Note: the comments below are the unabridged submissions of readers and do
not necessarily reflect the opinions of the publisher.

 

From: Sam Wallace
For : The Editor (for publication)
Subj: google

Am rather suprised to hear you would not expect religious
organisations to welcome scrutiny - assuming you were
serious - I would expect the Moonies to attempt to silence
critics but am astonished and disappointed that google
agreed to remove the links.

Google should have a disclaimer on the front page stating
that many relevant search results could be omitted as they
are too timid to honestly list the available pages.

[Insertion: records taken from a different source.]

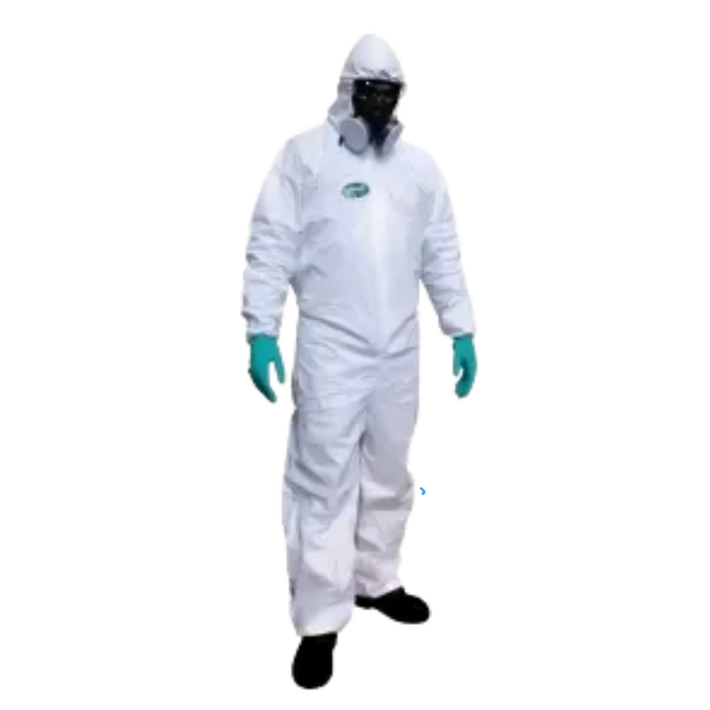Vestimenta de segurança, tipo macacão, confeccionada em polipropileno (não tecido) laminado, com filme de polietileno, fechamento frontal com zíper e pala de proteção, elástico no capuz, punho e tornozelos. Para proteção do crânio, pescoço, tronco, membros superiores e inferiores do usuário contra risco de de origem química.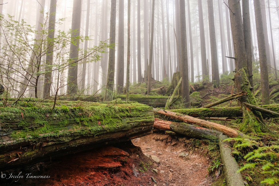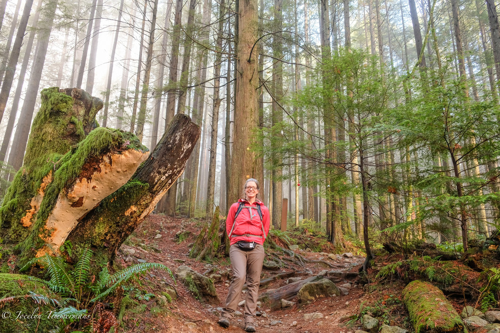 What to do when the signs at the bottom of Mt. Seymour are telling us to "Turn back. Parking lot full." I should've known, it being Christmas holidays and all. But the days of sun are few and far between so we took a chance. Reservations would've helped. So we quickly created a Plan B. Since it was 1:30pm (we'd planned to do a sunset snowshoe), this limited our options. My All Trails App was showing me the nearby hikes so we decided to do this shorter loop, nestled in the suburbs of North Vancouver.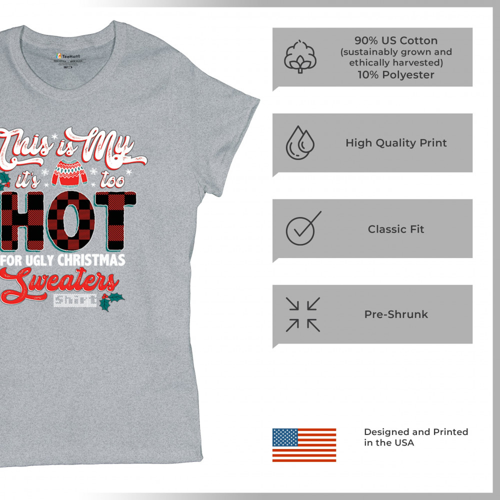 Stay festive without the extra warmth! This "Too Hot for Ugly Christmas Sweaters" shirt is perfect for those who love Christmas cheer with a lighthearted touch.

Sure
they could follow some standard ethics when listing sites
e.g. those grounded in law like kiddie porn sites but if
the Moonies are going to make all the claims they do and
expect google to link to them then they should expect the
links to critics also.

As for your notion of potential copyright infringement when
google caches web pages, it would seem to me that there is
little difference between google's caching and the average
surfer. What happens when surfing? A copy of the web page
i.e. html, txt, images etc is downloaded and stored on the
local machine. So the surfer now has an identical copy of
the web page in their own possession. They have reproduced
the original. Now this can be made available via one's net
connection to anyone else e.g. some P2P apps have made the
contents of entire hard drives available to anyone else
running a similar app.

But the point is that this is how the system works; when
one publishes a web page they should be aware that when
others access the page their local machine will be copying
all published data. If I visit the M$ site I'll have the M$
logo in 'temp internet files' on my own computer. Am I
breaking the law?

I think there are a lot of aspects that could be discussed;
in the meantime I think the best thing google could do
would be to remove all links to the 'Church' of Scientology
as well as the cached pages. After all, their claims
contradict the Xenu site...maybe xenu should threaten
google...?


Aardvark responds
Note that it doesn't seem to be Google's caching that is at
issue here.  They could kill the cached copies without pulling
the links but they didn't.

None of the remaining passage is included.